*** GIVEN RECORDS Section Begins ***
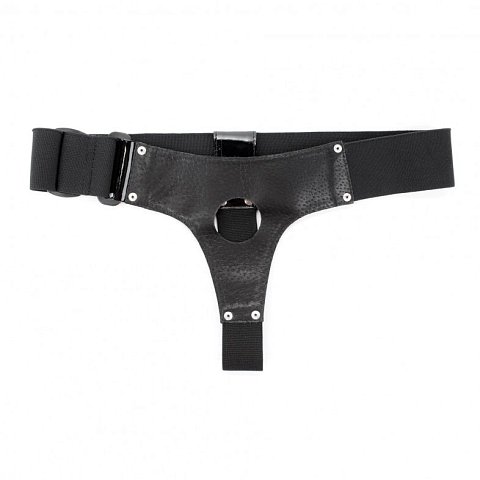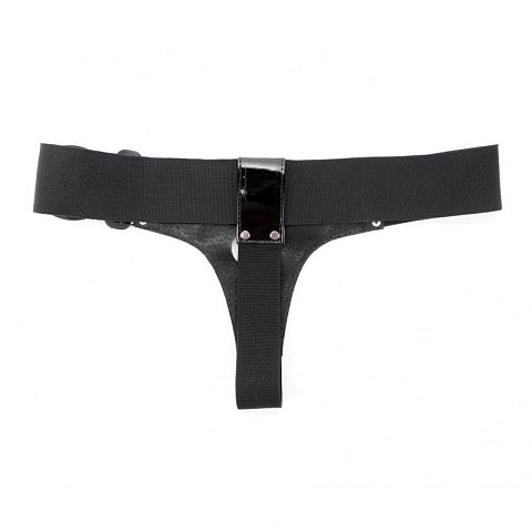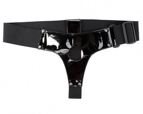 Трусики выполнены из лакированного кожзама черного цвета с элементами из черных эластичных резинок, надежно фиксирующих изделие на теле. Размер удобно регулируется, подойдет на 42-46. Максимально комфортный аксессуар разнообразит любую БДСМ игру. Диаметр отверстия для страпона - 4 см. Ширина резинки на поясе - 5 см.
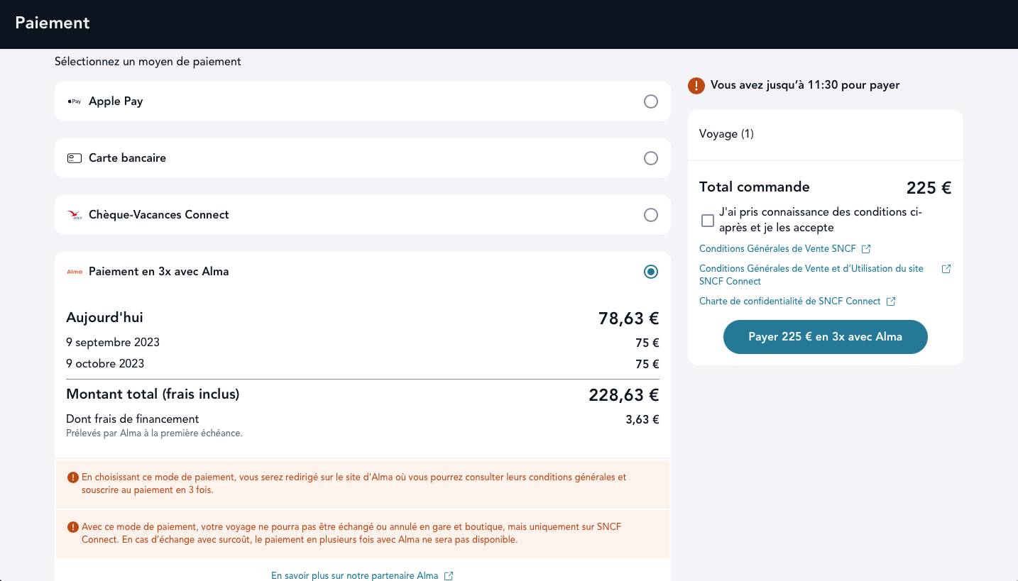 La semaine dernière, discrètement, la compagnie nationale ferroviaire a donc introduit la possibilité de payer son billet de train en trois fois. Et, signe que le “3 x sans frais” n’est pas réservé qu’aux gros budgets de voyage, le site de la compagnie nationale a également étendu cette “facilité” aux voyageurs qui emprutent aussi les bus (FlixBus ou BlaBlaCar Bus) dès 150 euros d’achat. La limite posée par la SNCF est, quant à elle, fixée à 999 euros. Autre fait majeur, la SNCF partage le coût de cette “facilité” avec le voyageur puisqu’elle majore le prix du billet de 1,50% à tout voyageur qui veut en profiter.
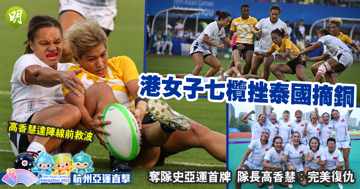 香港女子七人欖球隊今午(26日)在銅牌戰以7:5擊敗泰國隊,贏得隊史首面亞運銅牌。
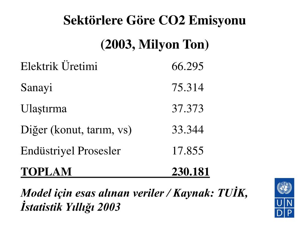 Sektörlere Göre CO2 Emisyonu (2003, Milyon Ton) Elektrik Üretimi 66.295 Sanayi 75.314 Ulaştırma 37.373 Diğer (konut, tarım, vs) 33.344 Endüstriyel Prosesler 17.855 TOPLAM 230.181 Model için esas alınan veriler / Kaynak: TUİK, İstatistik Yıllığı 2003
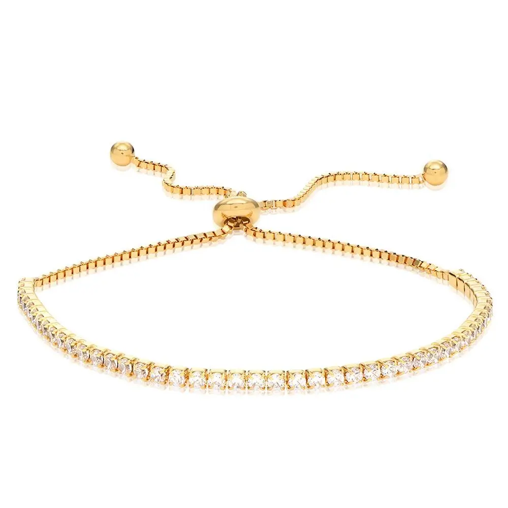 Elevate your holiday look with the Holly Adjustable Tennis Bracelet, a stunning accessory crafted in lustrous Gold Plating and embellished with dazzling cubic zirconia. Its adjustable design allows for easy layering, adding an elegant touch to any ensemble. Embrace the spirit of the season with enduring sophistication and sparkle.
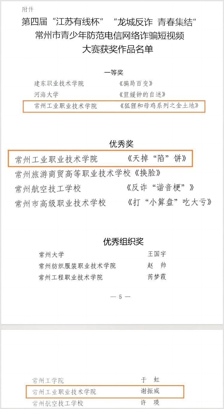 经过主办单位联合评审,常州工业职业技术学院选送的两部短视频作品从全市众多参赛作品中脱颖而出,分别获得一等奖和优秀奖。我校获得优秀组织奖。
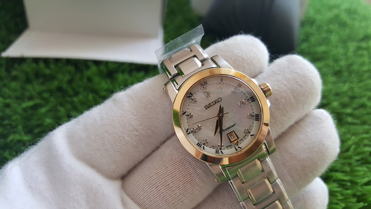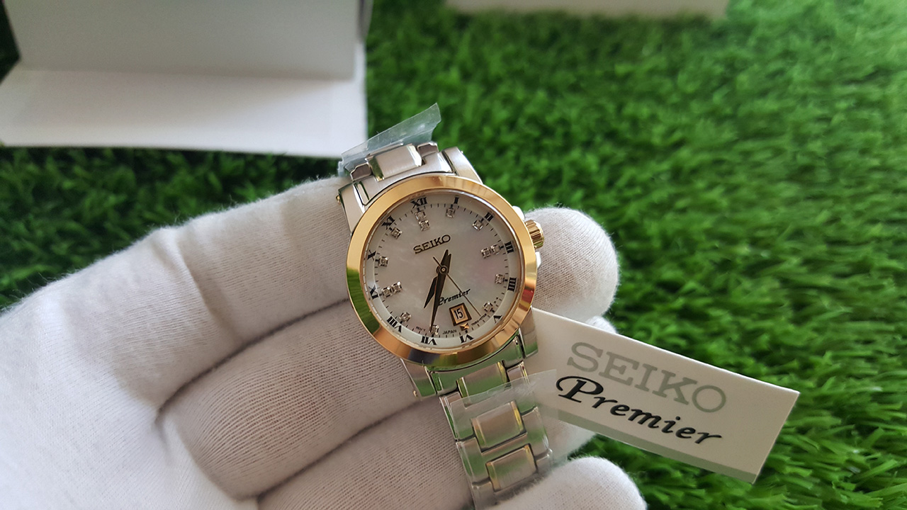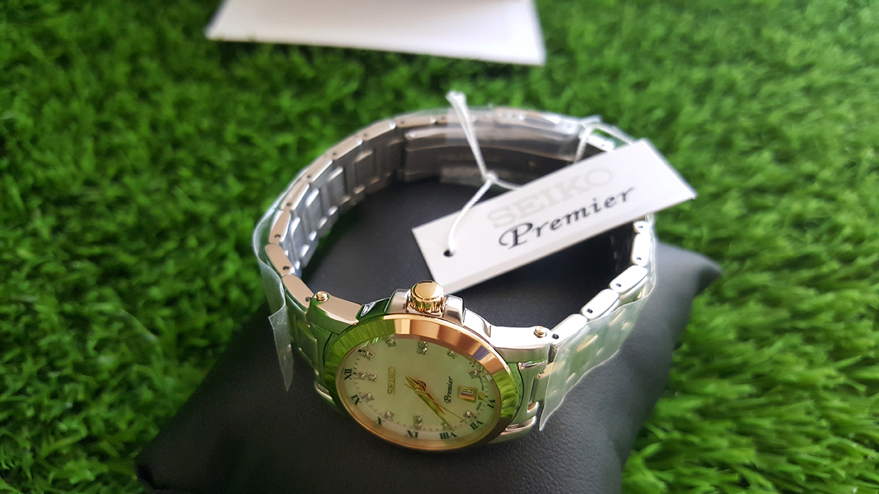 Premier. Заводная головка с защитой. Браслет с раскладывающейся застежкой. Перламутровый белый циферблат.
*** GIVEN RECORDS Section Ends ***
*** GIVEN RECORDS Section Begins ***
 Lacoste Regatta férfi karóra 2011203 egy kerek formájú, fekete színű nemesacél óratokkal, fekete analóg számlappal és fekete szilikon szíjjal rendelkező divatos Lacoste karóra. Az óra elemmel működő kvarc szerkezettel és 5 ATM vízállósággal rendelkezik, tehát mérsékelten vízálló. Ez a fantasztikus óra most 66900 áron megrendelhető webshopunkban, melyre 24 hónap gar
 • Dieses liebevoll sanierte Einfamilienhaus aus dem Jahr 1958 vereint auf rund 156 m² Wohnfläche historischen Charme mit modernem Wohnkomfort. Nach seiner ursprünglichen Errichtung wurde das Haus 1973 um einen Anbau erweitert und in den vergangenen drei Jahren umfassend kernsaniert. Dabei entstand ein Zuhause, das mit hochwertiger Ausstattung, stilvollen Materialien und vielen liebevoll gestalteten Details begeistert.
*** GIVEN RECORDS Section Ends ***
*** GIVEN RECORDS Section Begins ***
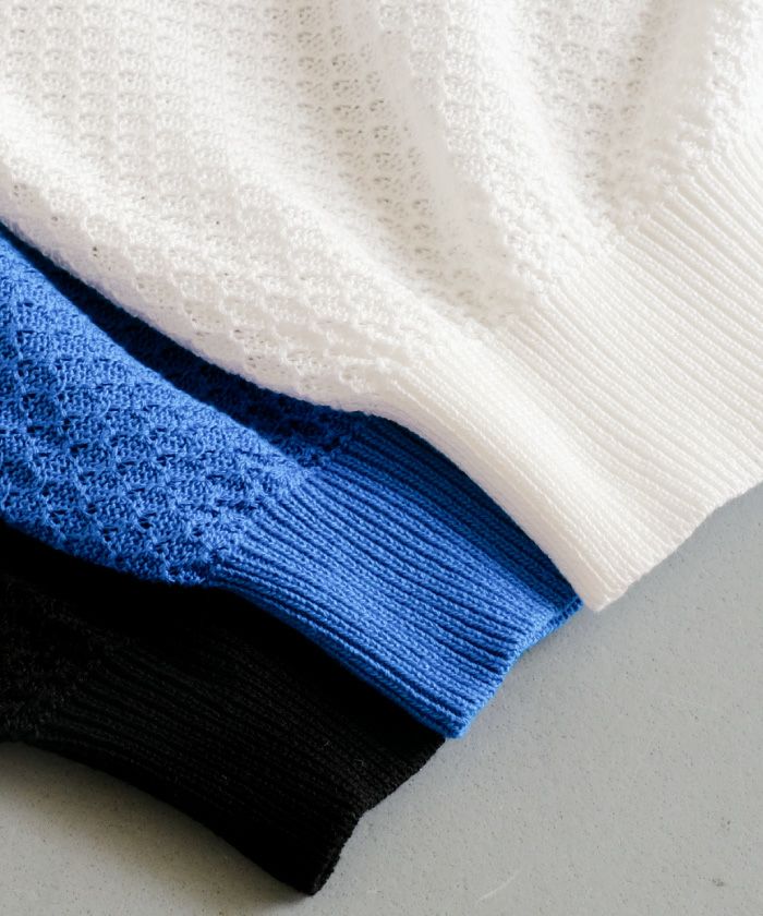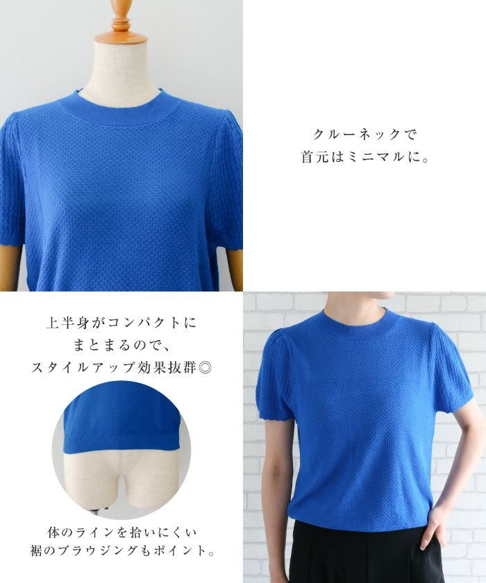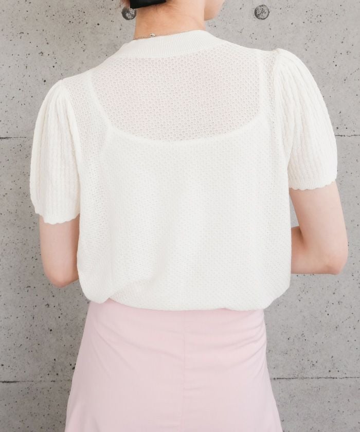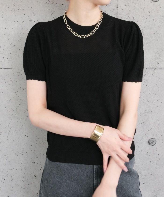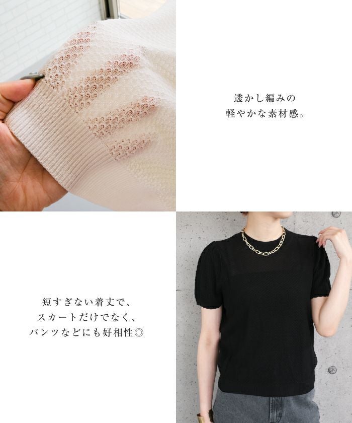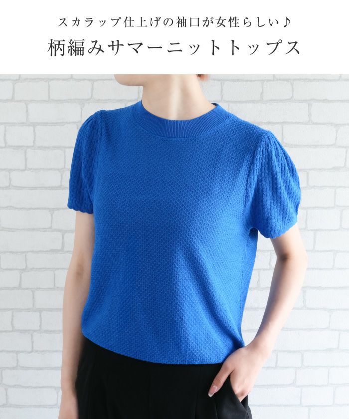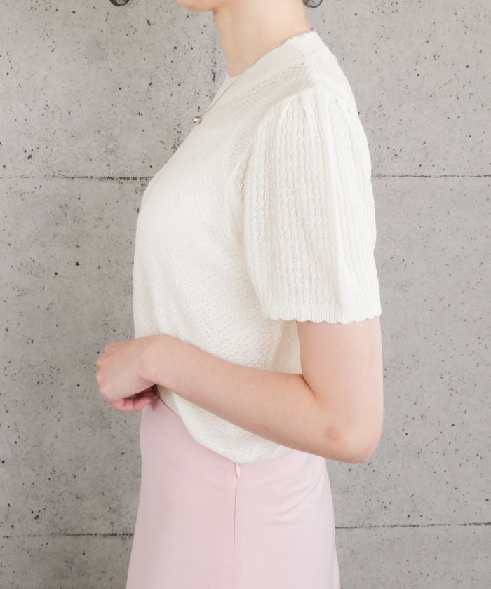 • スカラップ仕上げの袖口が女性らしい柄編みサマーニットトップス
*** GIVEN RECORDS Section Ends ***
EXERCISE PROMPT. Set the pictures aside and transcribe exactly the stretch of lines above, beginning with the one holding "香港女子七人欖球隊今午(26" and ending with the one holding "Premier. Заводная головка".

ANSWER SECTION.
 香港女子七人欖球隊今午(26日)在銅牌戰以7:5擊敗泰國隊,贏得隊史首面亞運銅牌。
 Sektörlere Göre CO2 Emisyonu (2003, Milyon Ton) Elektrik Üretimi 66.295 Sanayi 75.314 Ulaştırma 37.373 Diğer (konut, tarım, vs) 33.344 Endüstriyel Prosesler 17.855 TOPLAM 230.181 Model için esas alınan veriler / Kaynak: TUİK, İstatistik Yıllığı 2003
 Elevate your holiday look with the Holly Adjustable Tennis Bracelet, a stunning accessory crafted in lustrous Gold Plating and embellished with dazzling cubic zirconia. Its adjustable design allows for easy layering, adding an elegant touch to any ensemble. Embrace the spirit of the season with enduring sophistication and sparkle.
 经过主办单位联合评审,常州工业职业技术学院选送的两部短视频作品从全市众多参赛作品中脱颖而出,分别获得一等奖和优秀奖。我校获得优秀组织奖。
 Premier. Заводная головка с защитой. Браслет с раскладывающейся застежкой. Перламутровый белый циферблат.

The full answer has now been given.